From in vivo gene targeting of oestrogen receptors to optimization of their modulation in menopause

Abstract

The ancestral status of oestrogen receptor (ER) in the family of the steroid receptors has probably contributed to the pleiotropic actions of oestrogens, and in particular, that of 17β-oestradiol (E2). Indeed, in addition to their well-described role in sexual development and reproduction, they influence most of the physiological processes. The pathophysiological counterpart of these actions includes prevention of osteoporosis, atheroma and type 2 diabetes, and also the promotion of uterus and breast cancer growth. Thus, the major challenge consists in uncoupling some beneficial actions from other deleterious ones, that is, selective ER modulation. Tamoxifen and raloxifene are already used, as they prevent the recurrence of breast cancer and mimic oestrogen action mainly on bone. Both E2 and tamoxifen exhibit a proliferative and, thus, a protumoural action on the endometrium. Activation of ERα and ERβ regulates target gene transcription (genomic action) through two independent activation functions, AF-1 and AF-2, but can also elicit rapid membrane-initiated steroid signals. In the present review, we attempted to summarize recent advances provided by the in vivo molecular 'dissection' of ERα, allowing the uncoupling of some of its actions and potentially paving the way to optimized selective ER modulators.

Figure 1

Schematic representation of the mouse ERα gene structure and the strategies of Esr1 gene inactivation. (A) The Esr1 gene encompasses eight coding exons and at least six non-coding 5′ exons.
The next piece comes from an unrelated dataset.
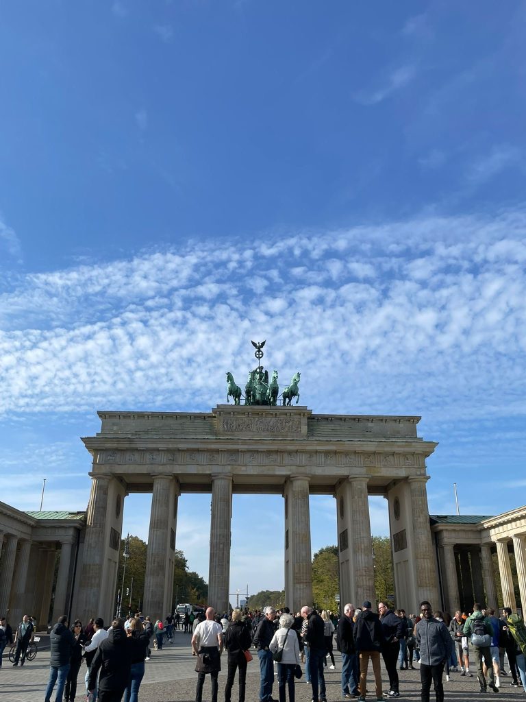 “Certo! Ecco alcune foto: questa è la Porta di Brandeburgo, davvero magica. Poi vedete il museo della comunicazione, un museo simbolo di Berlino. E infine, l’East Side Gallery, il lungo tratto del Muro di Berlino dipinto da artisti di tutto il mondo. Vi sembra un posto che potrebbe piacervi?”
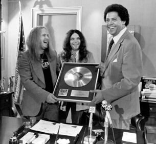 Lynyrd Skynyrd through the years Lynyrd Skynyrd members Ronnie Van Zant and Gary Rossington present a Gold Album to Atlanta Mayor Maynard Jackson (Photo by Tom Hill/WireImage) (Tom Hill)

The full length 66 kDa ERα protein is composed of six domains (A to F), comprising a DNA-binding domain (DBD), a ligand-binding domain (LBD) and two activation functions (AF-1 and AF-2). The translation of the physiologically expressed 46 kDa isoform (not shown) is initiated at AUG2. This isoform lacks the entire A and B domains and hence, AF-1. (B) The first strategy of ERα gene targeting consisted in inserting a neomycin cassette in the first exon of the ERα gene (referred to as αER-NeoKO) (Lubahn et al., 1993). The αER-NeoKO expresses at least two truncated ERα proteins, due to natural and non-natural splicing events, devoid of AF-1 function but with a functional AF-2. The splicing involving the neomycin cassette generates a chimeric 55 kDa isoform (Kos et al., 2002; Pendaries et al., 2002). The level of expression of these truncated isoforms is enough to mediate several actions of E2 in the vessel wall. (C) The second knockout approach (referred to as ERα^−/− mice) consisted in introducing LoxP sites and then excising the second coding exon of Esr1 gene coding for parts of the DBD (Dupont et al., 2000). This strain does not allow the expression of any functional ERα. Accordingly, the vascular effects of E2 in that persisted αER-NeoKO were abolished in ERα^-/-, demonstrating that ERα appears to mediate most of the vascular effects of E2 (Pare et al., 2002; Pendaries et al., 2002). (D) ERαAF-1° mice consist in targeting the first exon of ERα gene coding for the A and B domains and thereby AF-1 (deletion corresponding to amino acids 2–148) (Billon-Gales et al., 2009). The phenotype of ERαAF-1° mice is reminiscent to that αER-NeoKO mice, although the leakage and, thereby, the expression of chimeric 55 kDa isoform is highly variable (Kos et al., 2002). (E) ERαAF-2° mice consist in deleting seven amino acids in the helix 12 and, thereby, AF-2 (deletion corresponding to amino acids 543–549) (ms submitted to publication).

Figure 2

Structure of oestradiol, full antagonist, ER-specific agonists and SERMs.